When 4 P.M. hit it seemed like that was the case. After about 20 minutes the news started to break however. The Dodgers acquired Yu Darvish from the Rangers in the blockbuster trade we were expecting. This trade also punctuated a trading season that emphasized pitching and had very little movement with hitters.

This was a very interesting deadline to track. There were some surprises as well as moves that we expected. Here are some of the notable teams that were making moves at the deadline.

Los Angeles Dodgers

Acquisitions: Yu Darvish, Tony Cingrani, Tony Watson

Los Angeles bolstered its bullpen with two solid left-handed relievers in Watson and Cingrani. These guys are a great compliment to Kenley Jansen and it takes a lot of pressure off of the starting rotation, especially seeing that Kershaw will be out for the coming weeks.

Yu Darvish has been expected to go to Los Angeles for the last month. Most were surprised that no news had broke when the 4 P.M. deadline approached. I was ready to criticize the Dodgers for their lack of improvement. When the news was announced, it immediately became World Series or bust for this team.

Darvish provides the same sort of punch to the rotation that Zach Greinke provided when he was in LA with Kershaw. These pitching acquisitions may make the Dodgers the most complete team in the majors now. They filled their pitching needs and left their offense alone which has been fantastic. What might be the one of the biggest upsides from this trade season is that the Dodgers did not give up any of their top three prospects for Yu Darvish.

The Dodgers know that they will be making the postseason. These trades were specifically for October because they know that it is now or never if they want to break their 30-year championship drought.

Houston Astros

Acquisitions: Francisco Liriano

The Astros currently have the best record in the American League. Going into the deadline, it was obvious that Houston needed to bolster its pitching staff. Dallas Keuchel has been dealing with injury issues and may not be the same pitcher he was when he won the Cy Young. Lance McCullers has also not been consistent. On top of that, the Astros are in much need of bullpen help.
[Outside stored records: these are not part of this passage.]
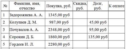 Выполнить расчёты и форматирование. Значение скидки рассчитать, введя произвольный процент скидки. Например, = Покупка*15%.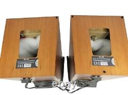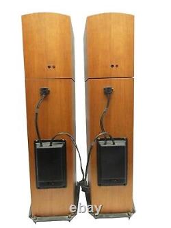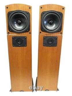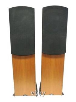 Pair of Naim'Allae' floor standing speakers in cherry wood finish. In used condition with wear as pictured. Missing a few plastic speaker stand offs.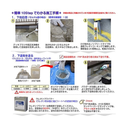 ウレタン防水に匹敵する防水性能です。トップコートにより遮熱効果を発揮します。ほとんどの防水下地に対応できます。1液で使いやすく、中毛ローラーで簡単に施工ができます。 |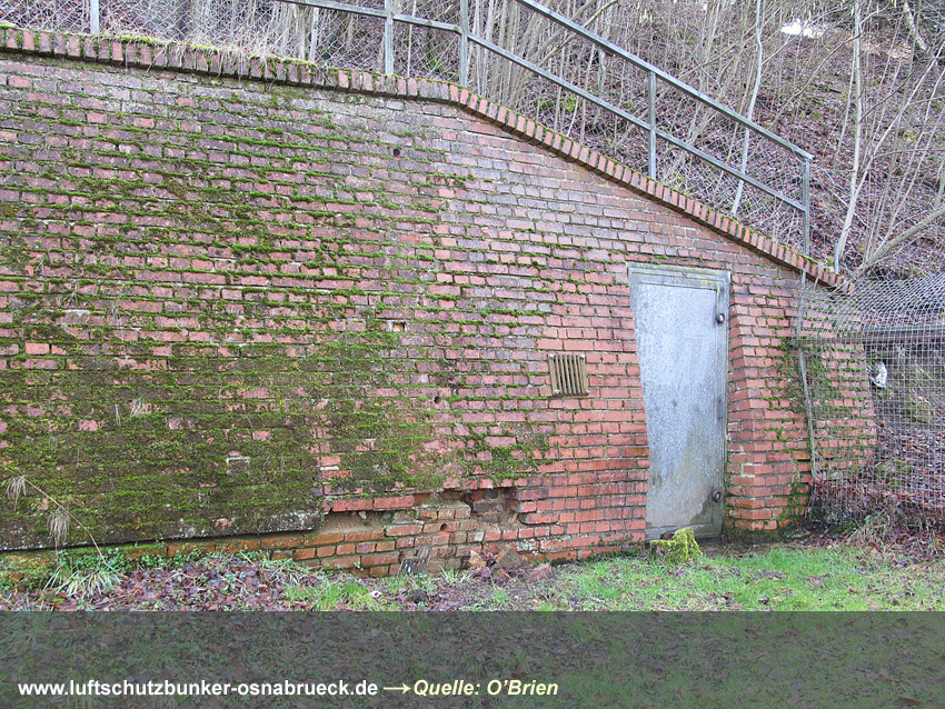 Auf dem oberen Foto ist der ursprüngliche Eingang 1 und 2 Feldstraße abgebildet. Die Aufnahme stammt von 1948, kurz vor der Sprengung dieser beiden Portale durch die Engländer. Die ersichtlichen Sandsäcke links dienten als Schutz vor Trümmerflug aus dem Stollen während der Detonation. Die beiden Betonquader über den Eingängen sind aufgrund Hinweisen nach der Sprengung heruntergefallen, begruben die Eingänge unter sich und liegen noch heute dort im Erdreich begraben. Die gesamten Vorportale brachen zusammen. Später wurden dann in den 1980er Jahren die beiden Eingänge neu geöffnet und mit Türen versehen.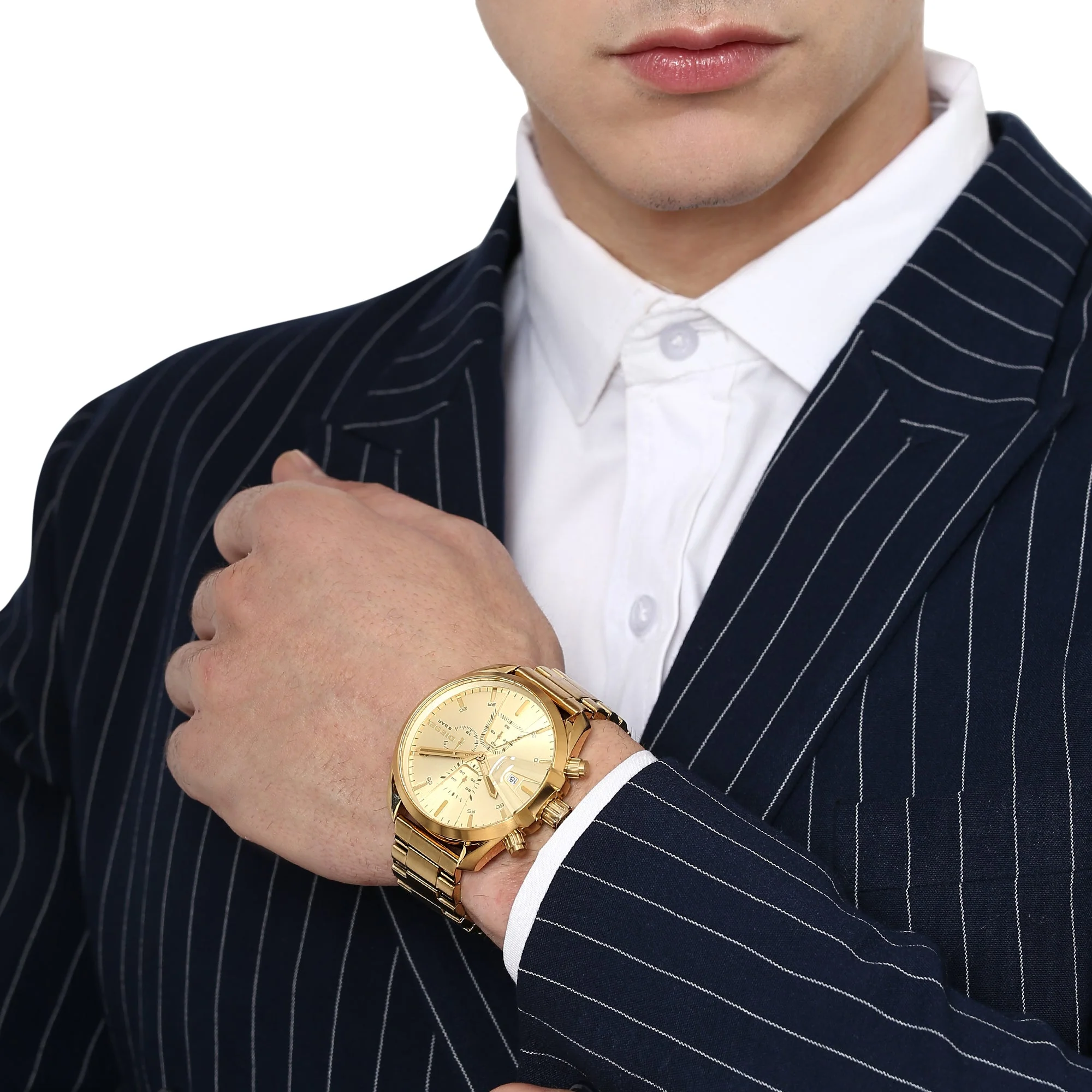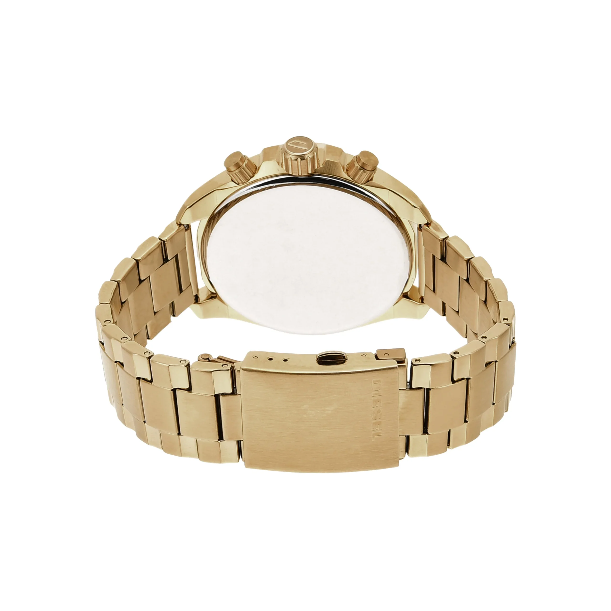 Crafted for those who appreciate bold style and refined craftsmanship, the Diesel Ms9 Chronograph All Gold Men’s Watch DZ4475 is a striking statement of modern luxury. Its 46mm round stainless steel case and matching gold-plated bracelet exude confidence, while the gold sunray dial delivers a sleek, monochromatic aesthetic. Designed with precision quartz chronograph movement and date functionality, it combines practical performance with elevated design. The linked stainless steel band and deployant clasp ensure both durability and comfort. Ideal for the fashion-forward man, this men’s watch reflects Diesel’s signature blend of innovation and iconic style in the premium watch category.

Houston acquired Liriano from Toronto, but this was not the attractive pitcher that many were looking for them to go out and get. They needed a pitcher to fill into a rotation that looks a bit shaky. However, Liriano will not be in the starting rotation and will be filling in the bullpen.

This had to be disappointing for Houston fans because they did not make the improvements that other contenders made. Even though they are sitting comfortably in first place in the West and are a sure thing for the playoffs, they may be sweating a bit.

Carlos Correa, Lance McCullers and George Springer are all on the DL right now. The Astros must be comfortable with the injuries since they didn’t make any moves. However, the gap seems to be closing between them and the Yankees and Indians.

New York Yankees

Acquisitions: Sonny Gray, Todd Frazier, Jaime Garcia, David Robertson

The Yankees made a big move a couple weeks ago acquiring Todd Frazier and David Robertson from the Chicago White Sox. Robertson really helps out a bullpen that needed some help and Frazier is a bat the Yankees needed to fill a hole in the lineup.

Deadline

The Yankees got one of the most valuable pitchers at the deadline in Gray (Getty Images)

The big news from Monday was the Yankees acquiring Sonny Gray from Oakland. This was a trade that made a lot of sense for the Yankees because it helps answer questions in their rotation for 2018 and 2019 as well.

The Yankees may lose the majority of their rotation after this year so getting this deal done is a big deal for New York. For this year though, Gray provides a big punch in the rotation for October seeing that the young pitcher already has postseason experience.

Starting pitching was one of the biggest question marks for the Yankees. Boston made a solid move in getting Addison Reed, but the excellent job at the deadline by Brian Cashman may make the Yankees the better team.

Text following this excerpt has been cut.